Brent Calderwood is an American author and journalist. He was named by Out magazine in the magazine’s annual “Out 100” issues, identifying important LGBT newsmakers in both 1995 and 2014. His writing and advocacy on behalf of LGBTQ youth is documented in the films The Butch Factor and Now We Can Dance: The Story of the Hayward Gay Prom, as well as the television program Lifestories with Gabrielle Carteris. His first book, The God of Longing, was recommended by the American Library Association in 2014 and is housed in the permanent collection of the Library of Congress.

== Journalism ==
Calderwood’s writing has included essays and op-ed articles, as well as profiles and interviews with artists such as director Guillermo del Toro, musician-composer David Amram, women’s music pioneer Holly Near, Harvey Milk photographer Daniel Nicoletta, painter Lenore Chinn, and the singer-songwriters Mary Lambert and Justin Vivian Bond. His work has been published in Rolling Stone, Out, the San Francisco Examiner, and Noir City magazine.

Calderwood began his journalism career in the San Francisco Bay Area in 1992 as cofounder of InsideOUT magazine, the first nationally distributed magazine for LGBT youth in the United States.

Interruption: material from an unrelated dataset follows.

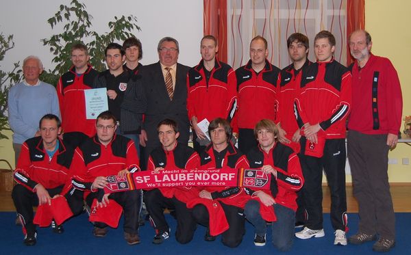 Mannschaft mit Coach Christian Gall ihre Ehrung für die Meisterschaft in der A-Klasse für die Saison 2010/2011. Martin Schneider wurde für seine Erfolge beim TSV Burgfarrnbach und für seine guten Leistungen in der Vorrunde beim SFL gleichermaßen ausgezeichnet. Wir freuen uns aber auch, dass andere Laubendorfer Ehrungen erfahren haben, wie Wolfgang Erhart im Tennisbereich, Holger Heidingsfelder für die Teilnahme am "Iron Man" auf Hawaii und sogar als "Sportler des Jahres" Felix Mahr mit besonderen Leistungen im Bogensport. Allen Geehrten gratulieren wie hiermit ganz herzlich, wünschen weiterhin Spaß und Erfolg bei ihren sportlichen Aktivitäten und würden uns freuen wenn auch in 2013 "Laubendorfer" bei der "Sportlerehrung 2012" der Stadt dabei sein könnten. Für die Vorstandschaft Manfred Durlak

As a result of local news coverage of the magazine and his own articles on LGBT youth issues, which were distributed to national newspapers by Pacific News Service, Calderwood became the target of antigay harassment, including vandalism and death threats. In the months following those events, he was invited to speak on the syndicated program Lifestories with Gabrielle Carteris; other guests on the episode, which focused on violence toward LGBT youth, included Mary Griffith, mother of Bobby Griffith, as well as friends and associates of Brandon Teena.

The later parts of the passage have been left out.